Schlitz is a small town in the Vogelsbergkreis in eastern Hesse, Germany.

Geography

Location
The town of Schlitz lies at the outlet of the small river Schlitz on the Fulda.

Neighbouring communities
Schlitz borders in the north on the communities of Breitenbach and Niederaula (both in Hersfeld-Rotenburg), in the east on the communities of Haunetal (Hersfeld-Rotenburg) and Burghaun and the town of Hünfeld (both in Fulda district), in the southeast on the city of Fulda (Fulda district), in the south on the communities of Großenlüder and Bad Salzschlirf (both in Fulda district), in the southwest on the community of Wartenberg, and in the west on the town of Lauterbach.

Constituent communities
Schlitz is divided into the following communities: Bernshausen, Fraurombach, Hartershausen, Hemmen, Hutzdorf, Nieder-Stoll, Ober-Wegfurth, Pfordt, Queck, Rimbach, Sandlofs, Schlitz, Üllershausen, Ützhausen, Unter-Schwarz, Unter-Wegfurth and Willofs.

History
The name Schlitz had its first documentary mention in 812. Schlitz is known throughout Hesse for the town's five castles and is also called the Romantische Burgenstadt Schlitz (the Romantic Castle Town of Schlitz).

One peculiarity about the town is its so-called Burgenring, or Castle Ring, with the town built on a hill with its accumulated castles, towers, lords' houses, the town church and many half-timbered houses presenting a well preserved, compact, historic Old Town. For the Castle Ring's splendour and the town's outstanding location, Schlitz was sometimes called in earlier times the "Hessian Rothenburg ob der Tauber"

The Lords of Schlitz had built up their mastery in an autonomous fief from the Fulda Abbey. As of 1404 they were calling themselves Schlitz von Görtz (in documents also Gurz or Görz). After the Reformation came in 1563, and as a result of the Thirty Years' War, however, they broke away from Fulda. In 1677, they became Imperial Barons and, in 1726, Imperial Counts. In 1806, the area passed to Hesse-Darmstadt.

Schlitz was granted town rights in the early 15th century.

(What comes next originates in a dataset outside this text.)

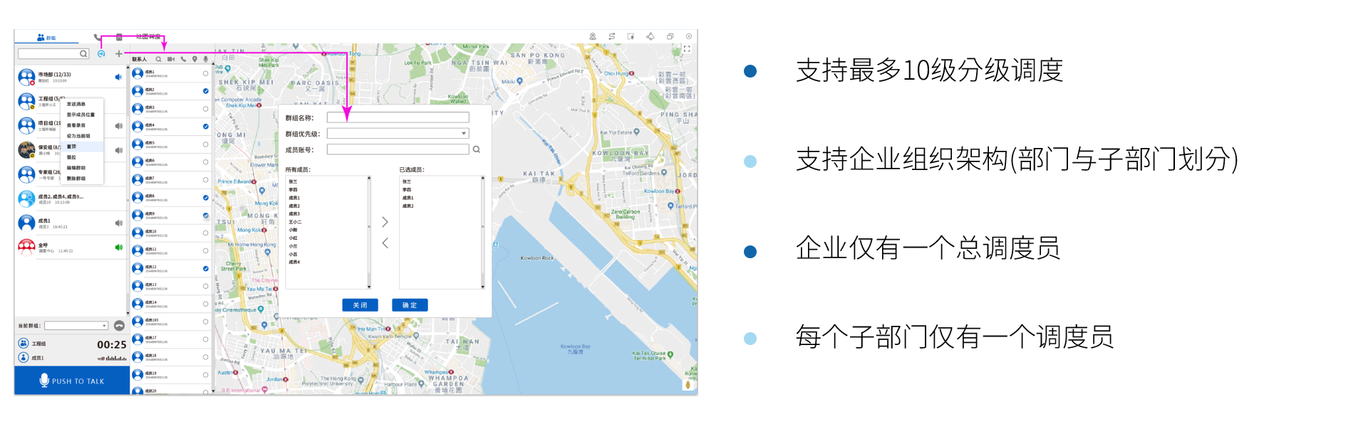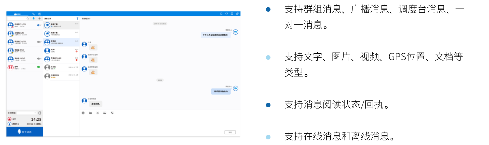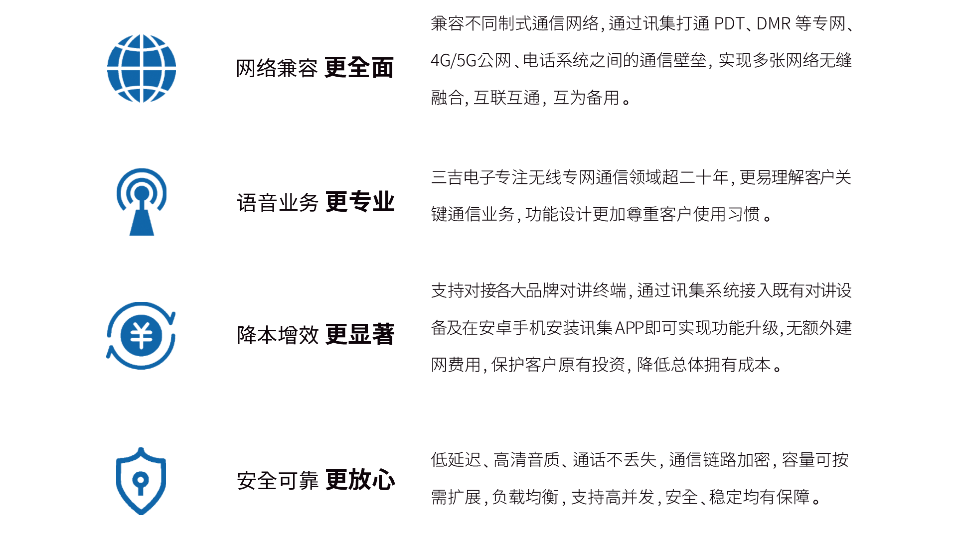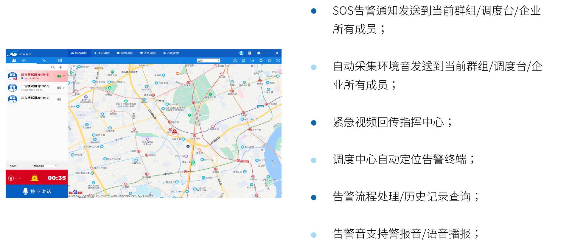 三吉讯集公专对讲系统 是以高效实时音视频通信为核心业务,以地图定位、多媒体消息、SOS紧急报警、巡更巡检等行业应用为延伸的一体化综合调度通信系统。 有效融合PDT、DMR、4G/5G、PSTN等不同通信网络制式,帮助行业用户在同一平台、多形态终端上实现语音对讲、数据传输、多样化智能应用,提升调度业务和工作协同效率。

Since 1951, the Fluß-Station Schlitz ("Schlitz River Station") has been in Schlitz. This working group from the Max Planck Institute for Limnology is researching the ecology of the tiny Breitenbach stream in the neighbouring Breitecke Nature Preserve. The Breitenbach, through many studies and publications,  is one of the world's best researched and documented streams. In 2006, this research station, with the current scientific leader's retirement, is to be closed by the Max Planck Society.

Politics

Local council
Elections were held in March 2016:

The council has 31 members:
CDU: 13
SPD: 10
BLS: 5
FDP: 3

Coat of arms
Schlitz's civic coat of arms might heraldically be described thus: In argent a fess sable, within, an inescutcheon, in argent bendlets sinister embattled three points each sable.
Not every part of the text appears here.